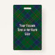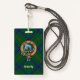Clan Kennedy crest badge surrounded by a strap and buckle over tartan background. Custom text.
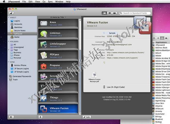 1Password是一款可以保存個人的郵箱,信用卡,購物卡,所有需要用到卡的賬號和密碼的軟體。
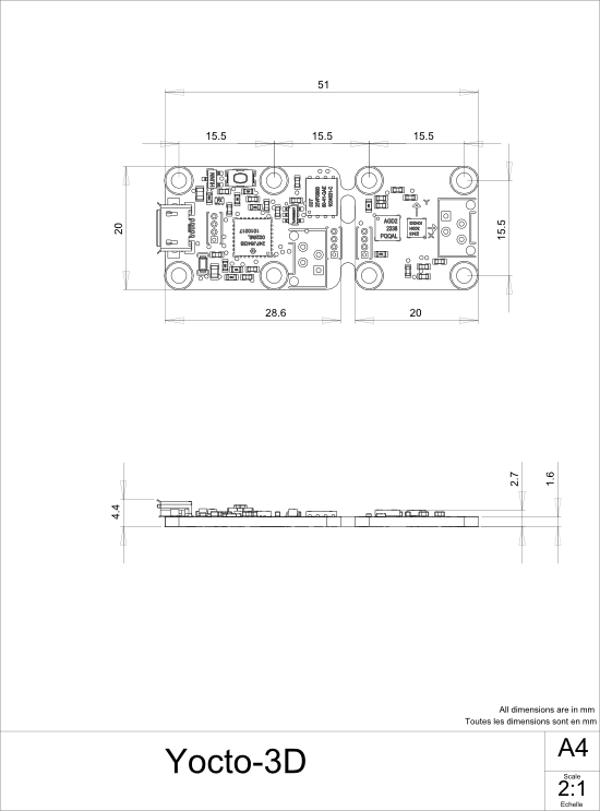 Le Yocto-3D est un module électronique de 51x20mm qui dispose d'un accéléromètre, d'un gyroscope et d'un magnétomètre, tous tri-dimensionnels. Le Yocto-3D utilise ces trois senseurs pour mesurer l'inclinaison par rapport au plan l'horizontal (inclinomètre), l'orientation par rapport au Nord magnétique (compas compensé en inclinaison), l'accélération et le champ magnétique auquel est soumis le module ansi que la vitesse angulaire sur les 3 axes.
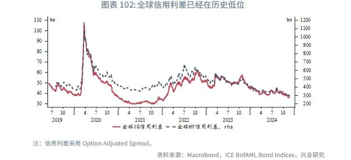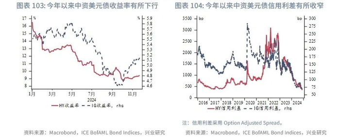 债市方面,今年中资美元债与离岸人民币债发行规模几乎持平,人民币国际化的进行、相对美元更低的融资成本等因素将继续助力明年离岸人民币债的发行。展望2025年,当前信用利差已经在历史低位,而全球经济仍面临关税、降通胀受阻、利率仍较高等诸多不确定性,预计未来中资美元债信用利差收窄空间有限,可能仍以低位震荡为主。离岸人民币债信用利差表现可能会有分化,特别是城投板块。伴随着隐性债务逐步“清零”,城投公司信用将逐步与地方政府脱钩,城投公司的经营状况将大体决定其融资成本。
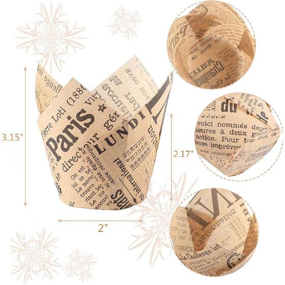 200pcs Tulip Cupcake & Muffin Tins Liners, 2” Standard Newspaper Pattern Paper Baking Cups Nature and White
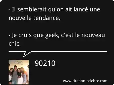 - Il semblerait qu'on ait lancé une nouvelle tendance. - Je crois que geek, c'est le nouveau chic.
==
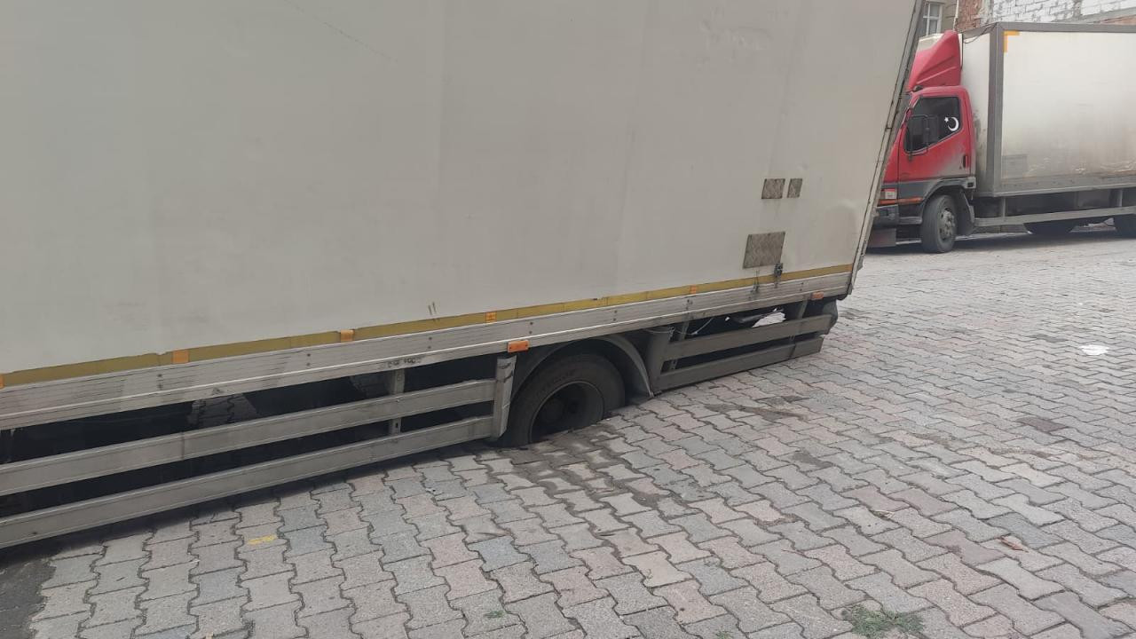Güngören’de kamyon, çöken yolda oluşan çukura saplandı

**Task brief:** Beginning at the line above that contains "200pcs Tulip Cupcake", repeat each line exactly through the one that contains "- Il semblerait", and leave out the pictures.

**Answer section:**
 200pcs Tulip Cupcake & Muffin Tins Liners, 2” Standard Newspaper Pattern Paper Baking Cups Nature and White
 - Il semblerait qu'on ait lancé une nouvelle tendance. - Je crois que geek, c'est le nouveau chic.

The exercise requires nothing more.